Anonymous' ISP dump won't kill data retention
It may well be that members of Anonymous have 40GB of AAPT data that they're ready to release at any moment now, but will the action actually achieve anything?
Over the last few days, we've seen the defacement of some minor Queensland Government websites using a vulnerability in Adobe's ColdFusion, and the dumping of files from those sites' web servers. A group of hackers, claiming to be from Anonymous, took responsibility for the attacks and said that it's part of Operation Australia — a protest against the Federal Government's data retention proposals.
ZDNet first broke the news back in 2010 that the government had been talking to ISPs about keeping information of their customers' communications.
Earlier this month, the government began an inquiry that asked for comments on a scheme which would see ISPs keeping communications information on every Australian for a period of two years, in case it was needed for law enforcement.
This is a big step that has landed the Federal Government a lot of criticism, for example, from Greens communications spokesperson Senator Scott Ludlam. Even Attoney-General Nicola Roxon doesn't seem sold on the proposal.
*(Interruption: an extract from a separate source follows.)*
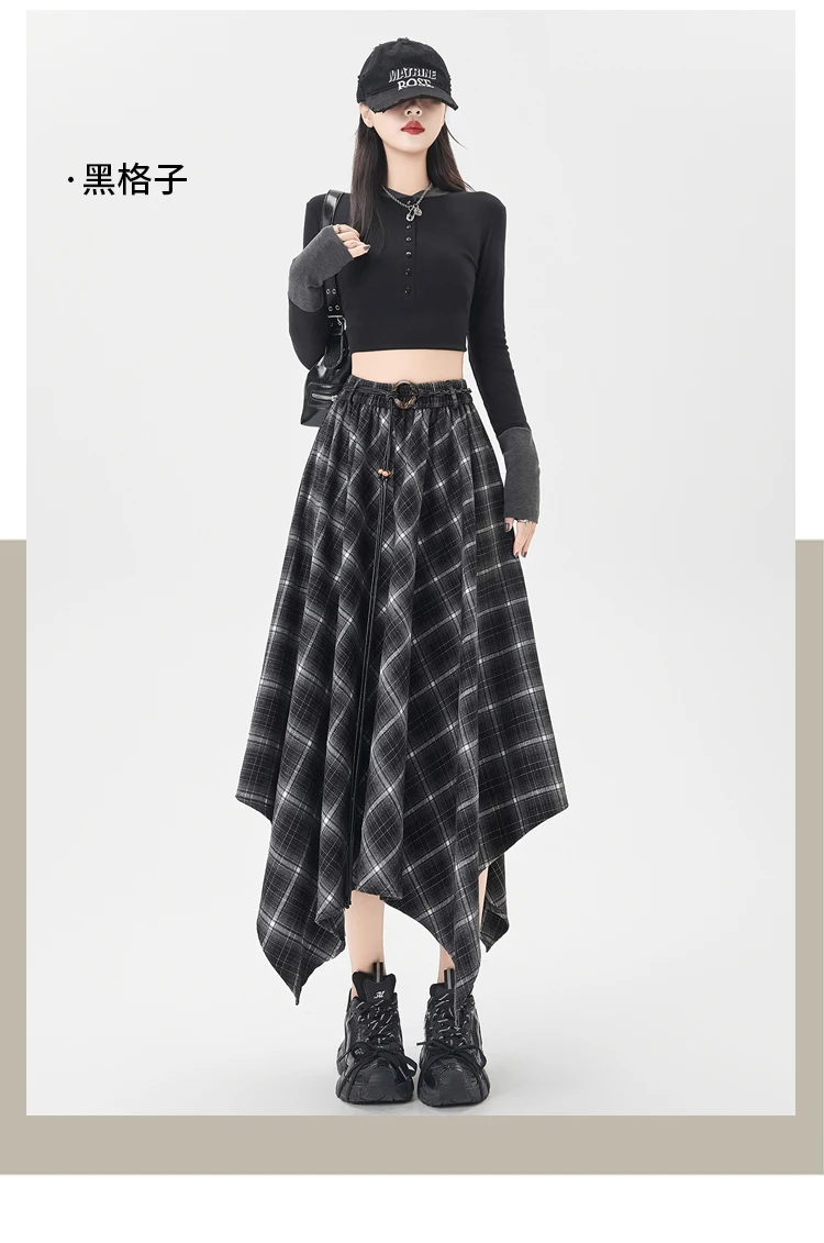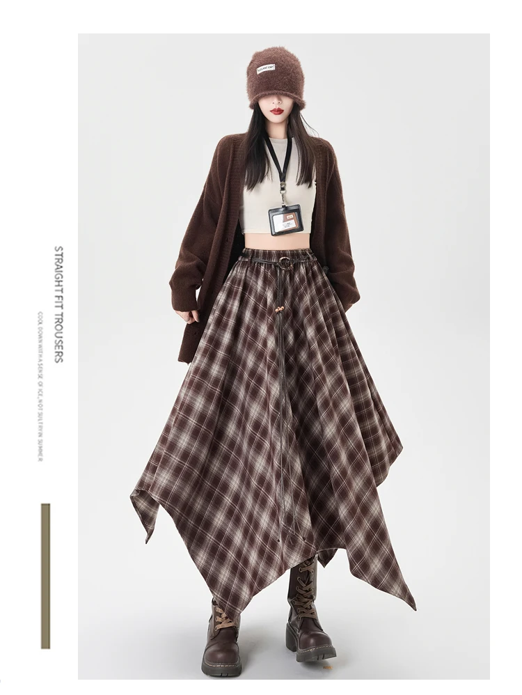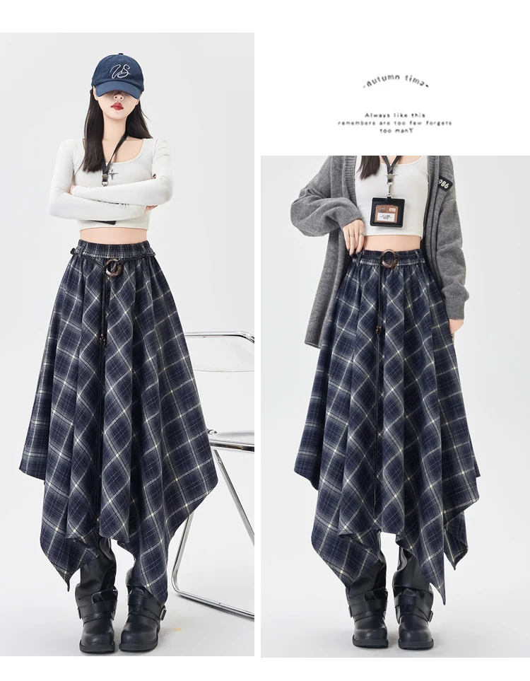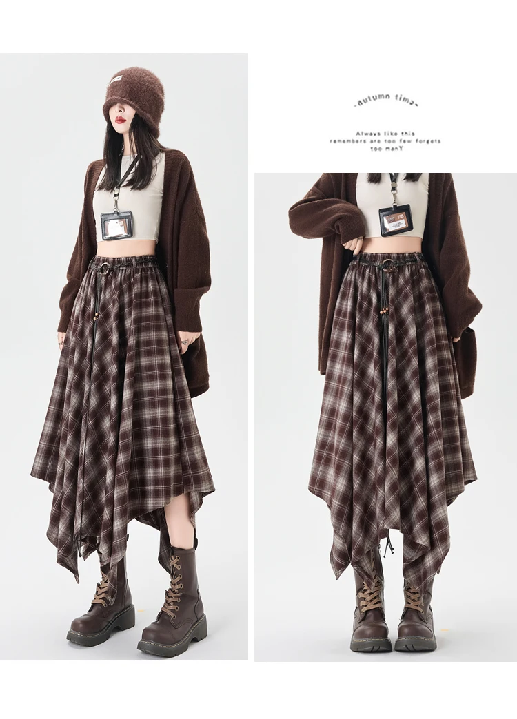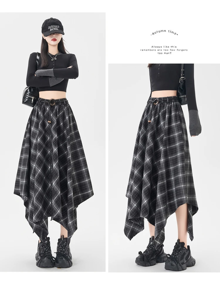 Women Skirt Plaid High Waisted Elastic A Line Mid Length Korean Style Fashion Retro Versatile Irregular Autumn Skirt

Yet, it doesn't seem that this kind of open debate is enough for Anonymous. The group wanted to do something more flashy.
Multiple news sites have talked to the hackers, who are claiming that they have infiltrated a major ISP (thought to be AAPT, which has admitted that it has been hacked via its provider Melbourne IT) and have stolen 40GB of customer data, which they are ready to dump. We've talked to some of them too, and have heard the same things. The group didn't release the data last night, as was anticipated, saying that it's taking them longer to strip personal data than expected, but ISPs seem to be taking the threat seriously.
The hackers are trying to make the point that they can get into ISPs' records and steal anything stored there, which would mean that if the government kept a whole lot of information about the communications of every Australian, that information would be at risk.
We've known for a long time that if data retention was put into place, the retained data would be at a high risk of being stolen. The ISPs have also publicly said so. After all, isn't a big safe with lots of gold a tempting target? So I don't think that Anonymous is raising anything new here.
The discussions are also at a very early stage. At this point, the idea is just a proposal, not law. Now is the time for measured discussion, not unconsidered acts.
Because it's acts like this that will make the Australian Federal Police, who wants the data to be able to do their job, even more certain that they need to track us all. And politicians can't look like they're backing down in the face of what some might consider to be cyberterrorism, making it more likely that the proposal goes through.
So, although I applaud the concept of illustrating that large dumps of data are tempting targets and easy to break into — and I even applaud the care that the group seems to be taking in not releasing personal data — I don't think that the tactics are appropriate at this stage of the debate, or even, perhaps, at all.